How many (2t-3) can you pull out?

I used 2 to factor since it goes in both 4 and -6

ok so that is part of it

yes but why can't we pull out a 2 in the outside since it' can go into 4 and -6?

Because I rather not do too much at once and worry about mistakes.

and no i didn't follow... this is where im stuck

But Psymon could have done that too.

yes i see

Look you actually only have two terms with several factors each. Hang on..

The first term is 4(2t-3)(8-2t)^3

That is one big term because it is composed of things being multiplied together (called factors)

ok

the factors of the first term are 4, (2t-3), and (8-2t)

right

So what would be the 2nd term? @mathcalculus

-6, (2t-3) and (8-2t)

yes

In other words you factor out 3 and x and leave (2x-5) right?

correct

So now look at your equation ... what things and how many can you factor out of both terms

thats what i was saying... 2 goes in for 4 and -6..

Ok what other factors can you factor out?

i can factor (2t-3) and (8-2t)

right and how many 8-2t?

you can it shouldn't matter.

so factor out 2(2t-3)(8-2t)^2 and show me what you are left with

yes it does.... for ex::

see they factored out using the 4

That doesn't dispute what I was saying it doesn't matter if you factor out the 2 right now or not.

i want to know why can't i in this problem. which confuses so much.

so factor out 2(2t-3)(8-2t)^2 and show me what you have and I will tell you if you are right.

that helped out alot. then what?

don't i need to finish?

Show me what you have. so far.

2(2t-3)(8-2t)^2[2(8-2t)-3(2t-3)

That looks good

now simplify wh

is in the backets

now simplify what is in the b

*brackets

what about the left side?

add them all up?

no don't just the stuff in the brackets

ook i did

i got [16-4t-6t+9]

Keep going

oh 16-10t+9

keep going

fine

:-)

-10t+7

errrrrr no re-think that last step

there's no where to go. now what about the left side.

oops 25

-10t+25

So now write it out again (yes the whole thing)

2(2t-3)(8-2t)^2[-10t+25]

let's say im loooking for the critical points.... i would still need to follow to this step right?

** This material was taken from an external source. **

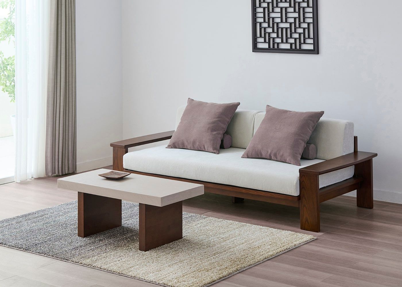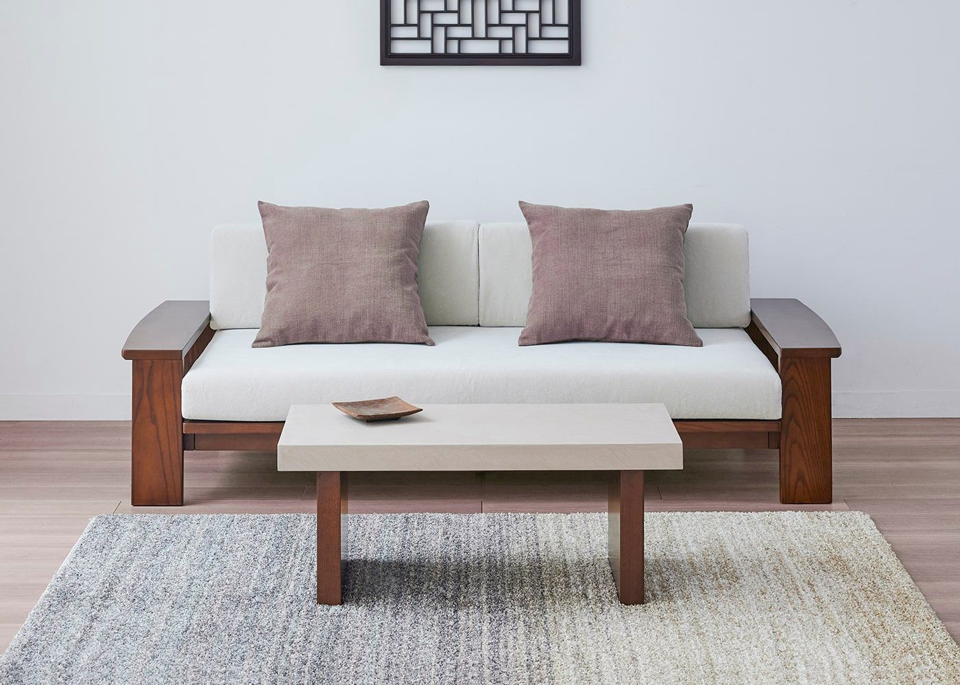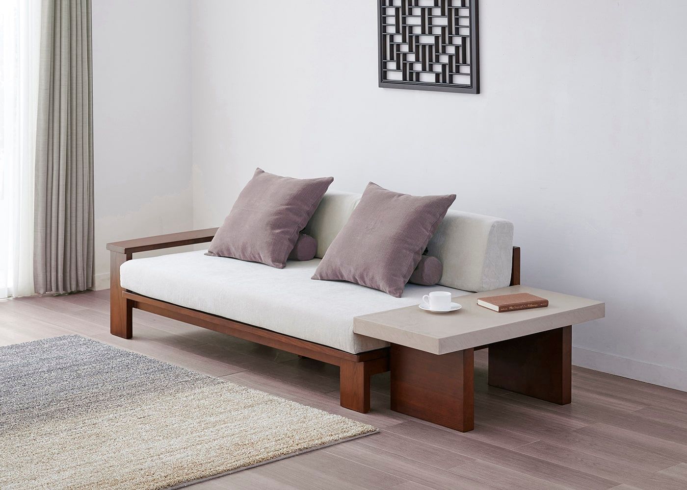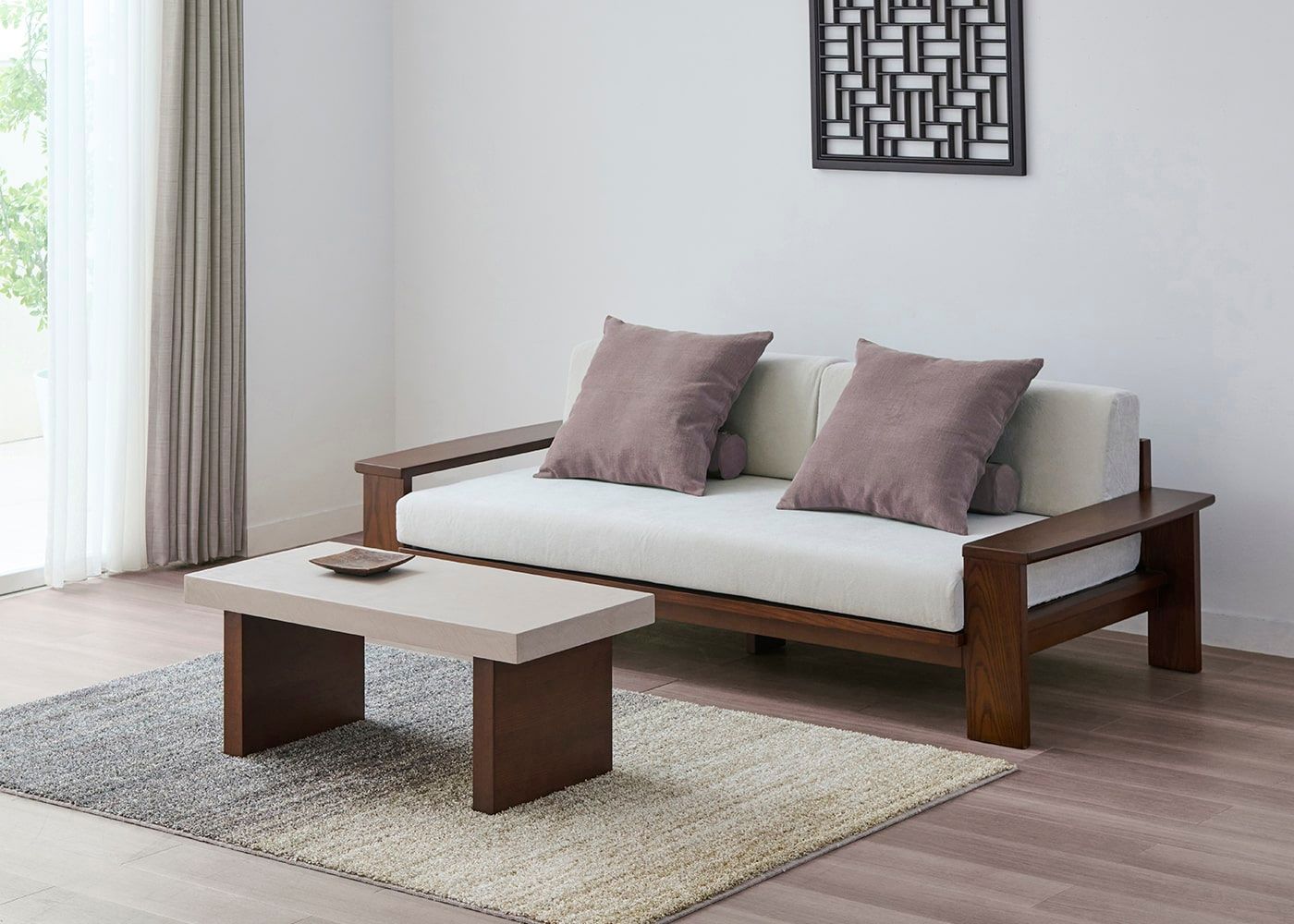 ケイ・ローソファの奥行に近い天板幅。ソファの横に置いて広めのサイドテーブルとしても活用できます。ソファ座面に近い高さでシームレスな見た目になるため、ロースタイルなリビングにしたい方におすすめです。(写真は850タイプ 脚外内付け)

yes it is in deed helpful.

indeed*

the 2?

Nope there is something you can pull out of the last factor...

the (8-2t)^2?

no Look ---> (-10t+25)

oh i thought you meant only from looking at the left side.. :?

yes 2 *-5 =-10

There is no side it is just one big thing...

ok

well what are you factoring out of the last factor?

-5

ok so do that and combine it with the 2 in the front and re-write it one last time...promise.

2*-5(2t-3)(8-2t)^2[25]

Whoa whoa whoa

You

You factored out a -5 and had what left in the parantheses

you mean in the brackets t+25

No it was (-10t+25) if you just had this and factored out -5 what would the result be

2t-5

right

So the final answer is \[-10(2t-3)(8-2t)^2(2t-5)\]

So

Looking at the final answer ... how many terms are there?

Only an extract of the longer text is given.